According to the CIA World Factbook, approximately 62 percent of Nigerians are between the ages of 0 and 24. A further 30 percent falls between 24 and 54, which means that the overwhelming majority of Nigerians were not born anywhere within the neighbourhood of 1966. Our population is heavily dominated by an extremelyyoung demographic, which poses a challenge and an opportunity.

The challenge is that based on the most basic principles of democratic representation, Nigeria’s leaders – drawn majorly from the ’66 era – simply do not represent Nigerian people. I certainly do not feel represented by President Buhari and his geriatric co-travellers – we have practically nothing in common in terms of worldview, economic ideology, intellectual capacity, technological awareness, political consciousness and even linguistic patterns, but somehow, he is my president nonetheless.

The opportunity this weird situation presents is that since the class of ’66 have not drunk from the fountain of eternal youths as far as we know, they will have to leave the scene at some point in the not-too-distant future. When they step aside voluntarily or otherwise, the huge generational disconnect between they and everyone born after 1970 gives us the chance to effect a clean and absolute break from the political and economic ideas that have plagued Nigeria’s governance for half a century.

We are the generation that sees the rest of the world as a contemporary to interact and compete with, not a mysterious “other” to hide from inside a prison of inferiority complexes, subsidies and import bans.

We are the ones who have the capacity and imagination to build multimillion-dollar businesses using knowledge and creativity, as against politically-weighted government assistance. We are the generation of genuine entrepreneurs offering local and international value and not government tenderpreneurs who survive at the mercy of who is in political office.

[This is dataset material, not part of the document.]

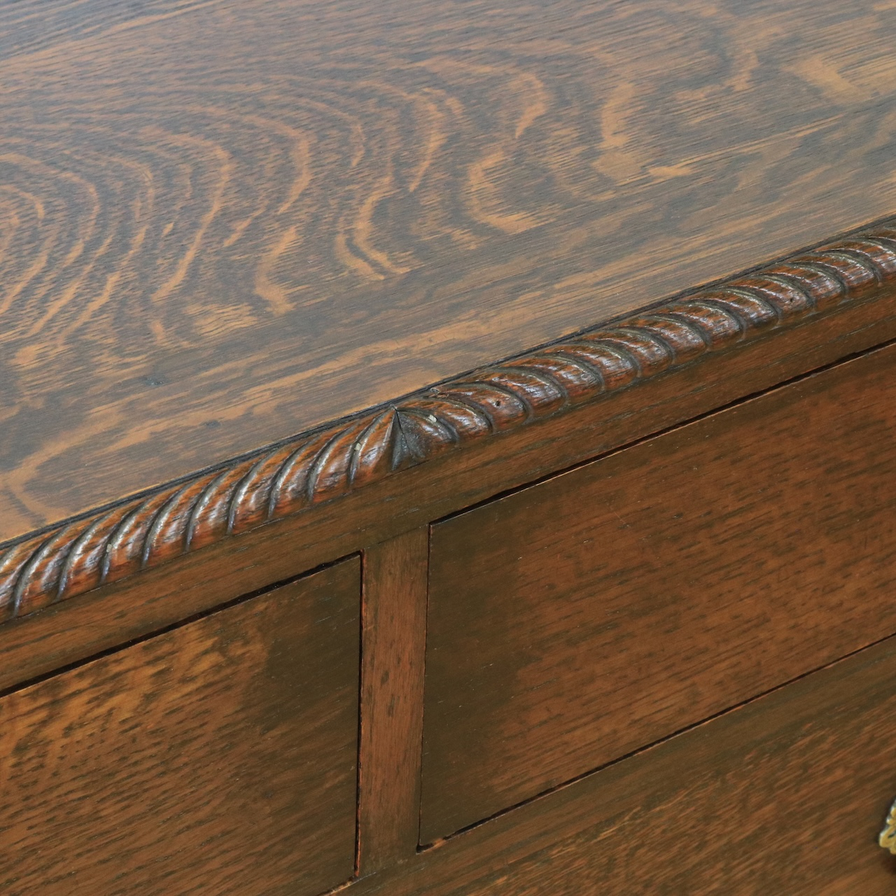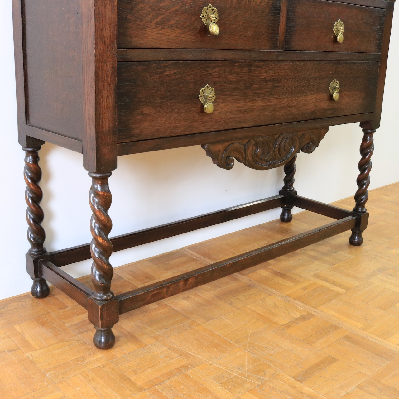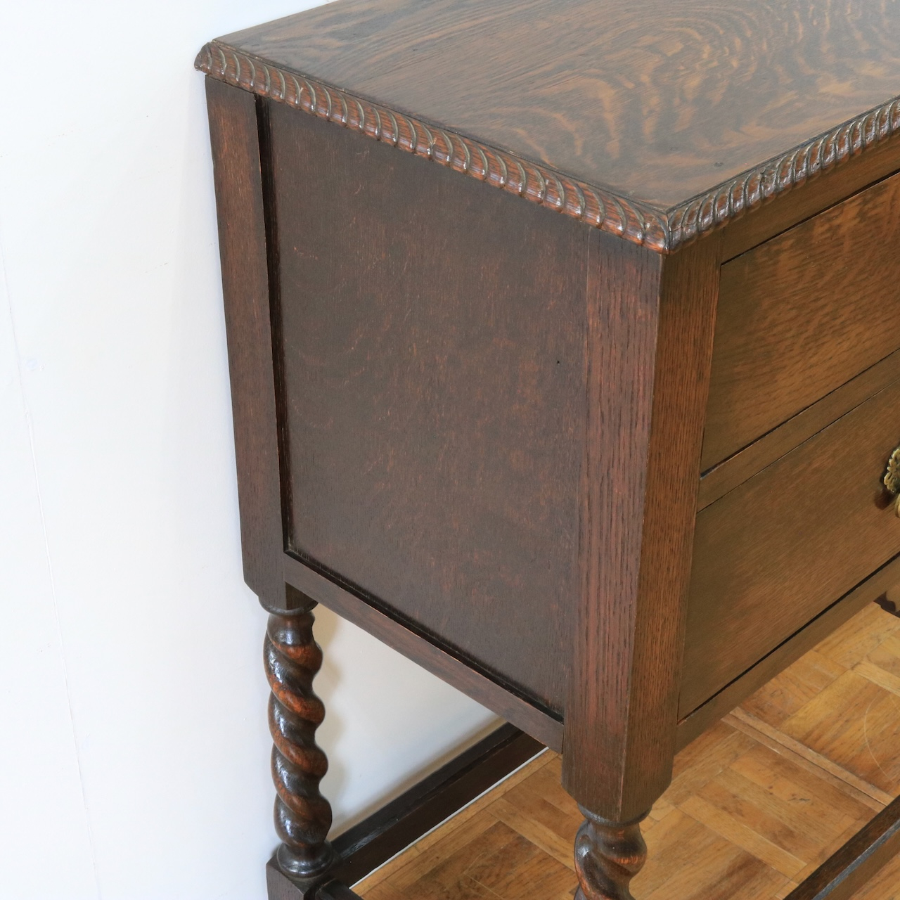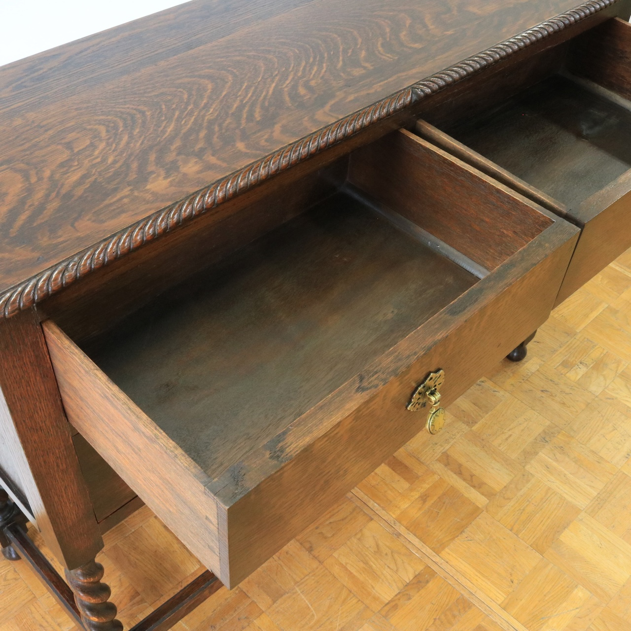 天板縁のガドルーニング、引き出しの引き手金具、引き出しの下には彫刻装飾など、装飾に富んだ美しい家具です。
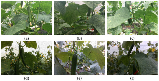 Diverse cucumber samples. (a) The cucumber with one side is obstructed. (b) The cucumber heavily shaded in the middle. (c) The cucumber with a large amount of missing information. (d) Many cucumber targets. (e) The cucumber located at the edge of FOV (field of view). (f) Cucumbers with low-level lighting.

We are the people who had the vision and ability to create a multibillion-dollar international entertainment industry from scratch without assistance, while the Class of ’66 – limited as they are in thought and conception – can only talk about pencil manufacturing and fractional distillation of petroleum like such things are rocket science. We are the ones who understand that mixing church and state is a fool’s errand. We are the generation that contains the human capital that has any hope of driving Nigeria forward.

Once our ‘heroes past’ have finally had their day and they mercifully stop their labour, we will have the chance to take everything we have learned over the past 50 years and use it to thoroughly deconstruct the failed system they have left behind. On the one hand, that will be a lot of work and a painful, time-consuming process. On the other hand, a popular saying has it that a society becomes great when its people plant trees whose shade, they know they will not enjoy. While Lee Kuan Yew planted trees, Nigeria spent decades enacting ideas of the “Chief Festus” variety to benefit a tiny few.

It is time to move on, and move on we will. At this point, it is only a matter of time.